L´UNSCEAR, porte-parole à l´ONU et l´AIEA prétendaient que les retombées radioactives de Tchernobyl étaient responsables de 30 décès. Au congrès co-organisé par l´OMS à Kiev, en 2001, le Dr. Gentner de l´UNSCEAR concluait son exposé, retenant 30 morts dus aux rayonnements et ajoutait ajoutait: « Comme l´a dit le Dr.
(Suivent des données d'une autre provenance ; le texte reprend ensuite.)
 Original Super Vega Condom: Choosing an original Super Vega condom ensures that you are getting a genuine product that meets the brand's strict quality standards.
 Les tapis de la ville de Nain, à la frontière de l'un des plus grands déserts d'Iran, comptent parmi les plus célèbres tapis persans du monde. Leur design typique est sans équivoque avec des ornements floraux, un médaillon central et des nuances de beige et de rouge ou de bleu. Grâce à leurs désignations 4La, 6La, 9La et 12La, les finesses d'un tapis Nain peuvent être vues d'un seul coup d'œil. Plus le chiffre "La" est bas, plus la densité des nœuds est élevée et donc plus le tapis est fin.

Gonzales (Conférencier de l´AIEA qui l´avait précédé), la grande majorité de la population n´a aucune raison de craindre des atteintes graves à la santé suite à l´accident de Tchernobyl. » En 2005 le rapport répète: « nous n´avons constaté aucune incidence négative grave sur la santé du reste de la population... ». Il devient méprisant, lorsqu´il ajoute que l´impact de Tchernobyl sur la santé mentale est « le plus grand problème de santé publique que l´accident de Tchernobyl ait provoqué ».
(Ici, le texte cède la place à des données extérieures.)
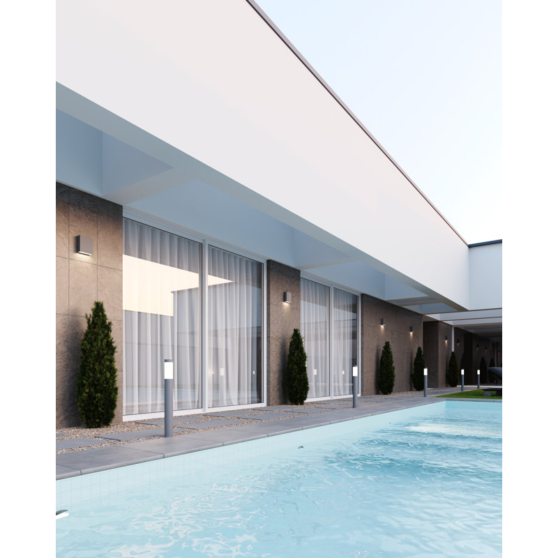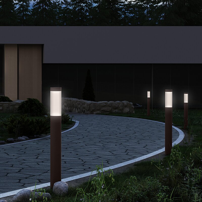 Round columns of light emit the glow of smoothly reflected LED illumination. Round Columns set an architectural rhythm to an exterior landscape.
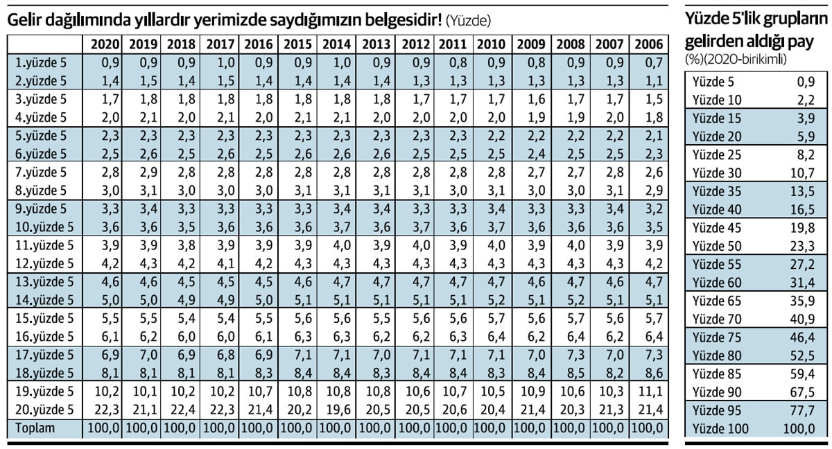TÜİK dün 2020 sonuçlarını açıkladı. Önceki yıllara göre pek bir fark yok. Gelirin nasıl dağıldığına bakıyoruz; doğrusu bu alanda pek istikrarlıyız, gelir dağılımı çarpıklığı yıllardır aynı şekilde sürüyor. Birkaç örnek verelim:
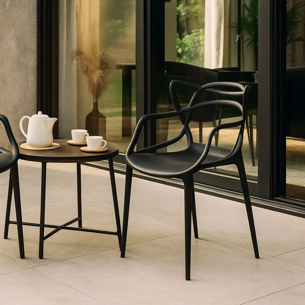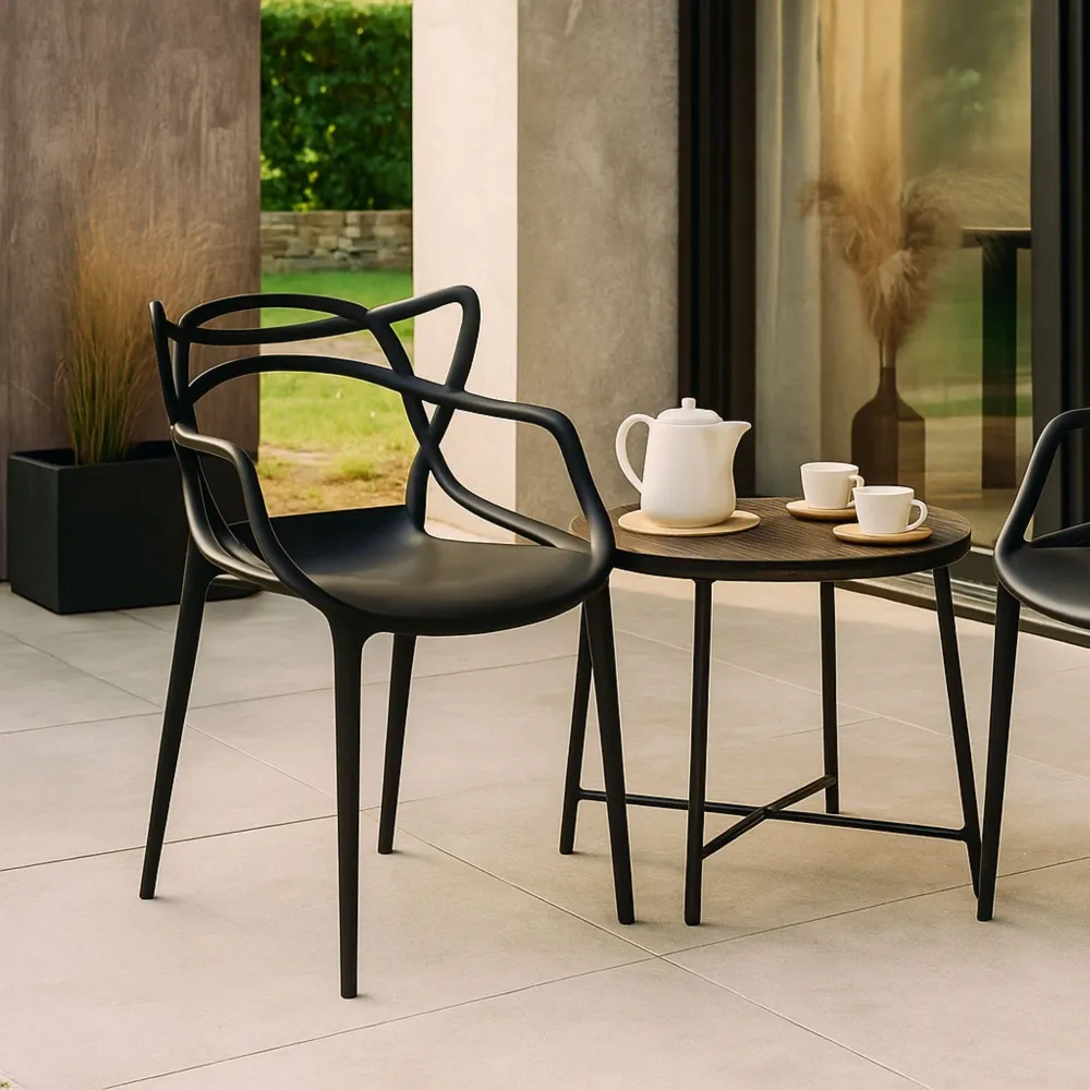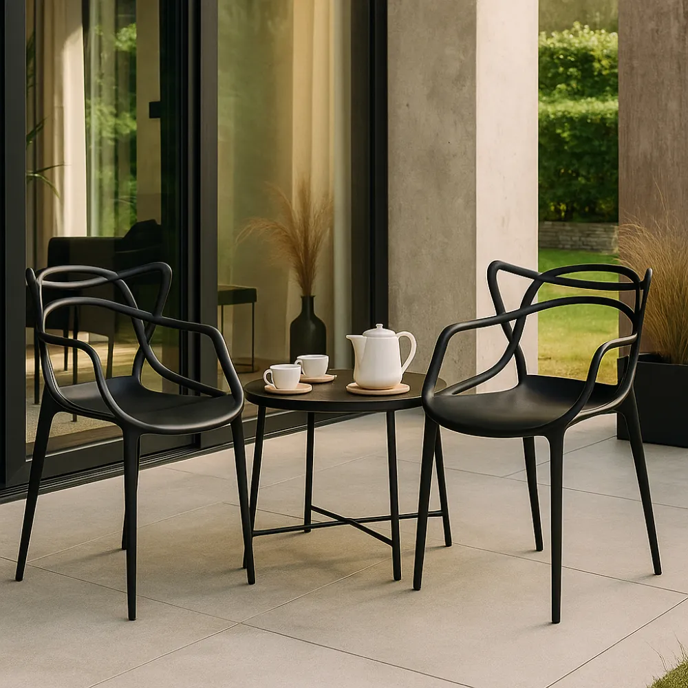 Dizajnová stolička SPRINGOS MATRIX čierna vyniká svojim ultramoderným a jedinečným vzhľadom , ktorý z nej robí štýlový doplnok každého interiéru. Vďaka svojmu čistému a nadčasovému dizajnu sa skvele hodí do spálne, jedálne, kuchyne, obývacej izby , ale aj na terasu či balkón . Stolička prirodzene spája eleganciu a funkčnosť , čím si získa pozornosť aj v náročnejšie ladených priestoroch.

Les organes des sens et le cerveau sont sensibles aux rayonnements, en particulier ceux émis par des particules de plutonium incorporés. Chez les liquidateurs, l´acuité visuelle baisse avant que des anomalies soient cliniquement. Il y a troubles de l´accommodation, perte de transparence du cristallin, qu´on observe aussi chez les enfants avec une charge chronique de radiocésium dans l´organisme. Ces altérations conduisent à la cataracte. Si la cataracte des jeunes liquidateurs irradiés est opérable, les atteintes du fond d´oeil qui surviennent chez eux conduisent à la cécité. L´oreille interne est aussi touchée: aux troubles de l´audition s´ajoutent des troubles de l´équilibre, vertiges, nystagmus, nauseas et chutes. Ces symptômes constituent un handicap professionnel et peuvent avoir un impact sur le moral.
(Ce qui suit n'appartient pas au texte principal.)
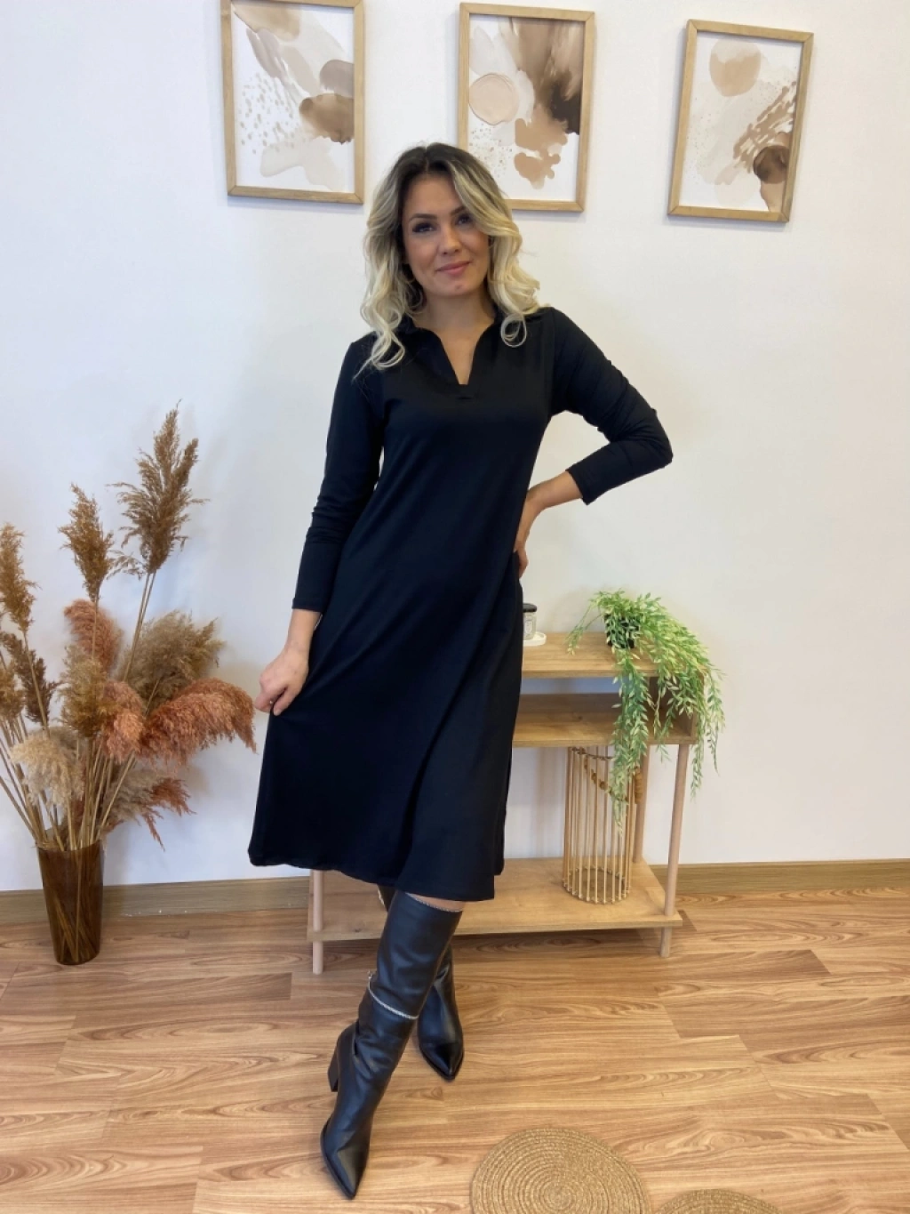 Kadın Uzun Kollu Yakalı Midi Viskon Iki Iplik Elbise
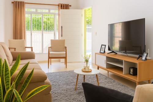 While you're here, you can enjoy all the comforts of home and more, including free WiFi and a Smart TV, as well as an outdoor entertainment area and a garden. Other amenities include towels, a picnic area, soap, and toilet paper.
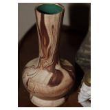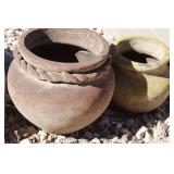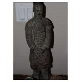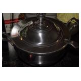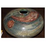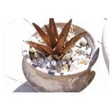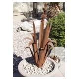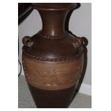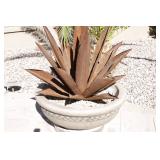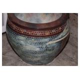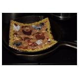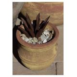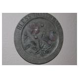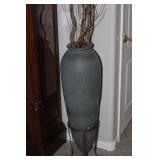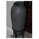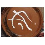 Large Brown Decorative Stoneware Plate on Iron Stand

Les neuropsychiatres russes, ukrainiens et canadiens ont montré que l´atteinte du système nerveux des liquidateurs irradiés est localisée dans l´hémisphère gauche (chez les droitiers) et décelable par toutes les techniques diagnostiques dont on dispose, de l´électroencéphalogramme au MRI. Nier cette pathologie qui conduit à l´invalidité voire à la mort, en traitant les victimes de simulateurs ou revendicateurs choque un liquidateur de la première heure, le professeur G. Lepin. Il conteste ces informations venant des Nations Unies, des données agréées par le principal promoteur du nucléaire commercial: l´AIEA.

Le chiffre de 30 décès parmi les victimes de l´explosion du réacteur de Tchernobyl qui avait suffit jusqu´à 2001, passe à 44, avec 4000 décès possibles, à terme. Ce chiffre semble avoir été retenu par des conseillers en marketing des promoteurs des centrales atomiques. Ce qui est tout aussi grave, c´est que ce rapport du 5 septembre 2005 fait l´impasse sur les millions d´enfants, le groupe le plus sensible aux rayonnements ionisants artificiels, condamné à consommer des aliments contaminés par des radionucléides.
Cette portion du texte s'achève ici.